Extracted information:
---

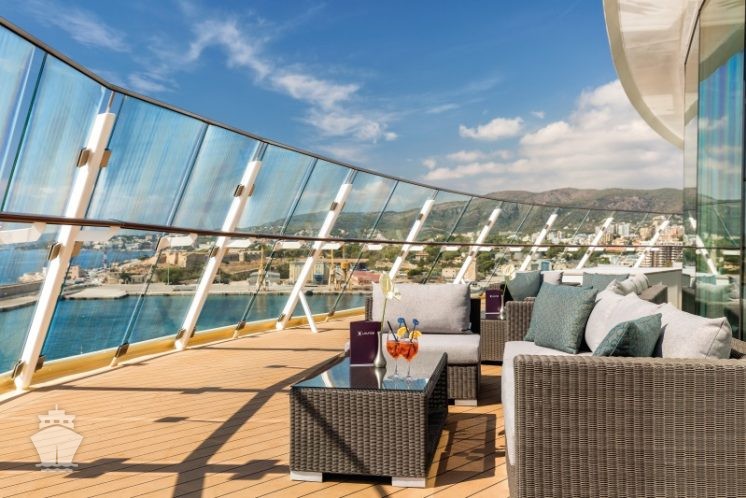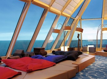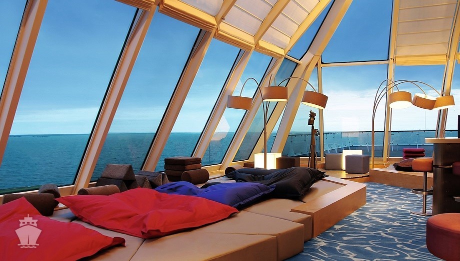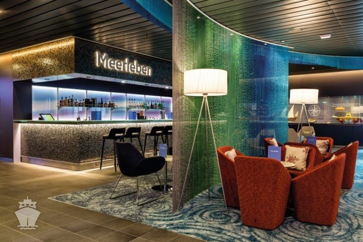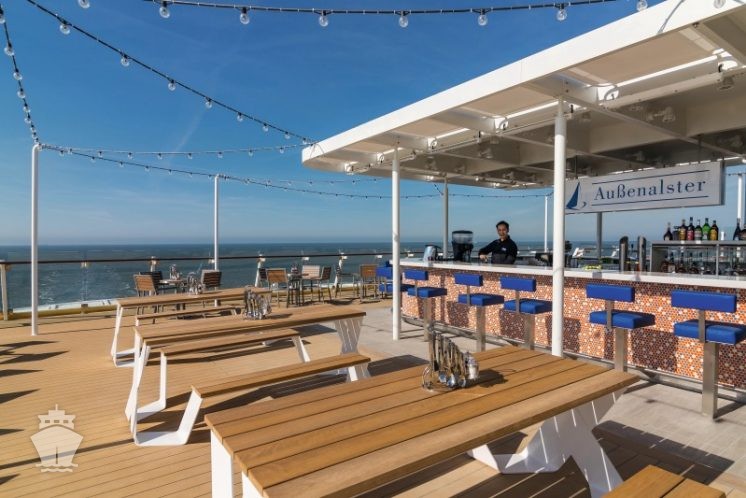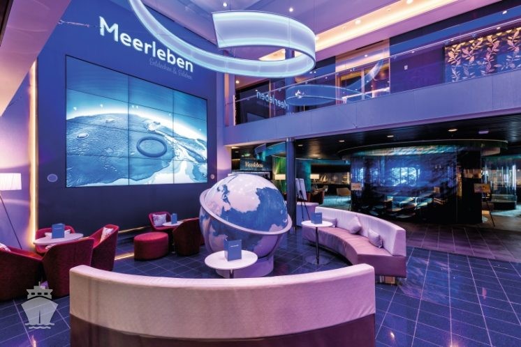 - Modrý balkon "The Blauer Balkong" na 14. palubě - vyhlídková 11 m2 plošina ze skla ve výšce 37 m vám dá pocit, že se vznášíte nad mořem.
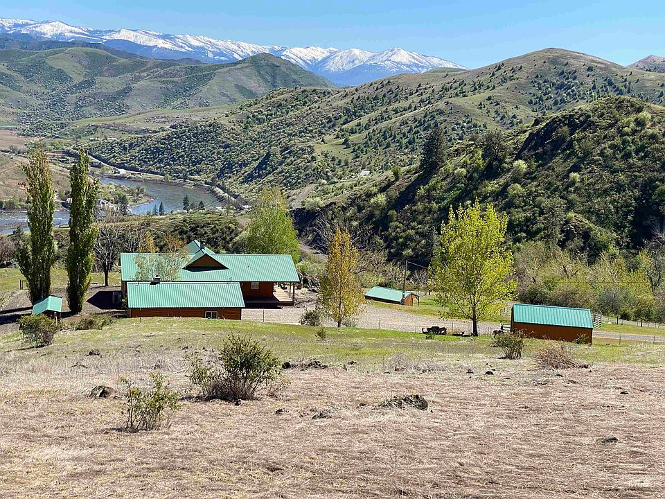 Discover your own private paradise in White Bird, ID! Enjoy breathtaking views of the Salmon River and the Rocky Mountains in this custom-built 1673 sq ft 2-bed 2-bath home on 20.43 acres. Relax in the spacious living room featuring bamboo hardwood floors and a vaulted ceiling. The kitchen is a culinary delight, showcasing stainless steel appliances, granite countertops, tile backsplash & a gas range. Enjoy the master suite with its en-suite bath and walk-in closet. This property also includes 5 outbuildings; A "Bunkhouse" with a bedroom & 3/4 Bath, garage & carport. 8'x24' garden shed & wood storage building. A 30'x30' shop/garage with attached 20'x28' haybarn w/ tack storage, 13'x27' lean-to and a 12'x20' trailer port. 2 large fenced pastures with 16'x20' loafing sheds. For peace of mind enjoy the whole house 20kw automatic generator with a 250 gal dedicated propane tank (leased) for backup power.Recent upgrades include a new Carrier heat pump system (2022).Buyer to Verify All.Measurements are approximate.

---

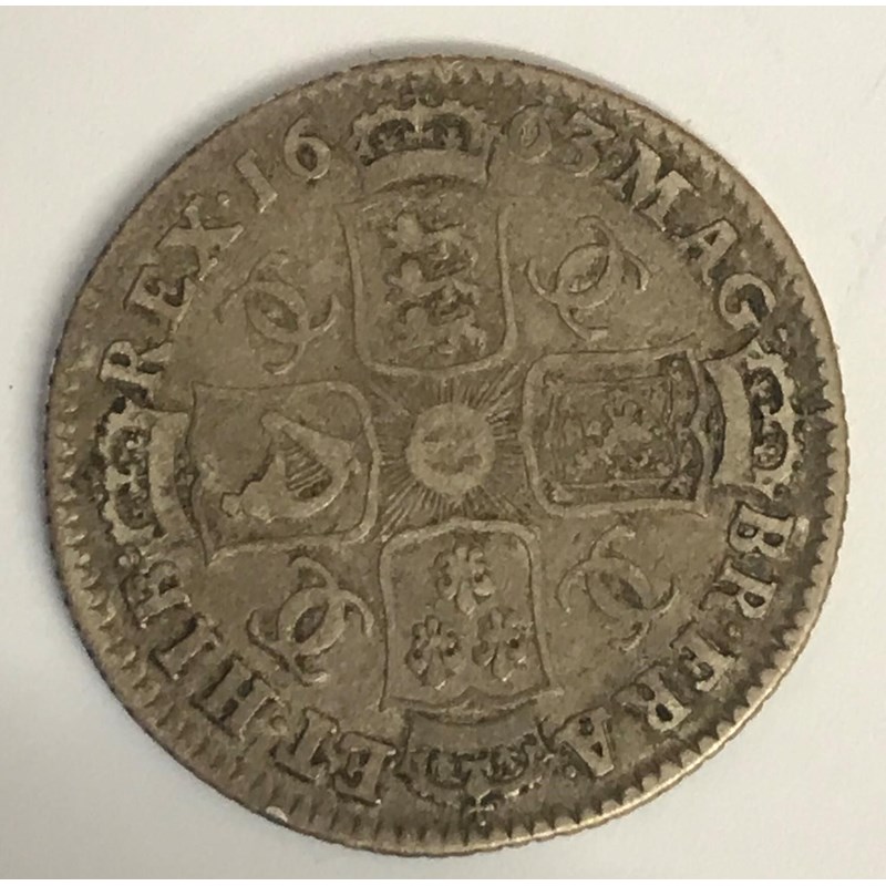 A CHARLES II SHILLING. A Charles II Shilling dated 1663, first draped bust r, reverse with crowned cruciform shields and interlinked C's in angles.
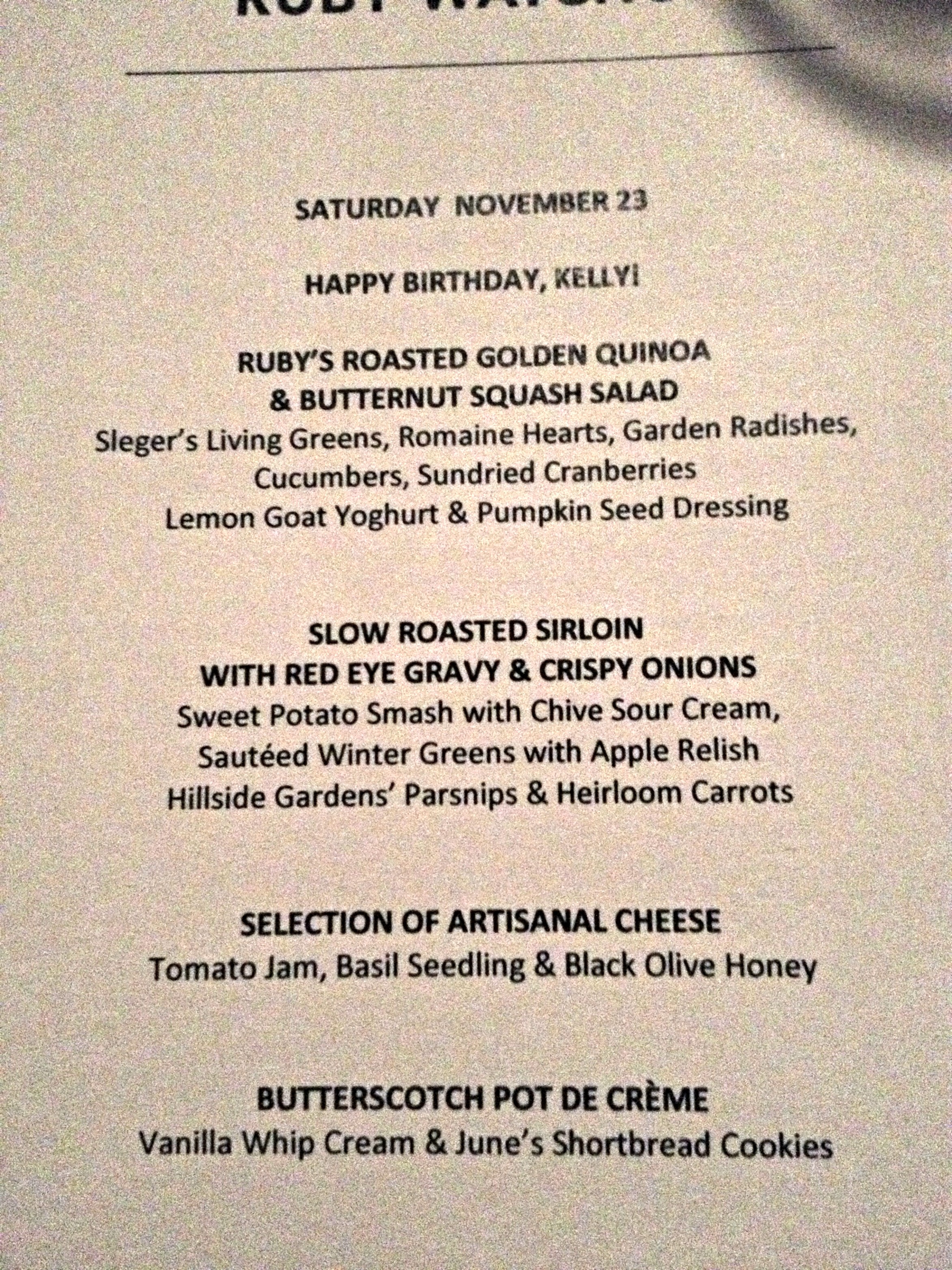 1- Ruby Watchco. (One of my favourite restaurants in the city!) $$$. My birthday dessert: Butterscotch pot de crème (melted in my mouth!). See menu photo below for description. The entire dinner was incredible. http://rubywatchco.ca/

---

Your objective: Reproduce exactly the lines above starting at the line containing "- Modrý balkon" and ending at the line containing "Discover your own", including both, but not the pictures.

Task solution:
 - Modrý balkon "The Blauer Balkong" na 14. palubě - vyhlídková 11 m2 plošina ze skla ve výšce 37 m vám dá pocit, že se vznášíte nad mořem.
 Discover your own private paradise in White Bird, ID! Enjoy breathtaking views of the Salmon River and the Rocky Mountains in this custom-built 1673 sq ft 2-bed 2-bath home on 20.43 acres. Relax in the spacious living room featuring bamboo hardwood floors and a vaulted ceiling. The kitchen is a culinary delight, showcasing stainless steel appliances, granite countertops, tile backsplash & a gas range. Enjoy the master suite with its en-suite bath and walk-in closet. This property also includes 5 outbuildings; A "Bunkhouse" with a bedroom & 3/4 Bath, garage & carport. 8'x24' garden shed & wood storage building. A 30'x30' shop/garage with attached 20'x28' haybarn w/ tack storage, 13'x27' lean-to and a 12'x20' trailer port. 2 large fenced pastures with 16'x20' loafing sheds. For peace of mind enjoy the whole house 20kw automatic generator with a 250 gal dedicated propane tank (leased) for backup power.Recent upgrades include a new Carrier heat pump system (2022).Buyer to Verify All.Measurements are approximate.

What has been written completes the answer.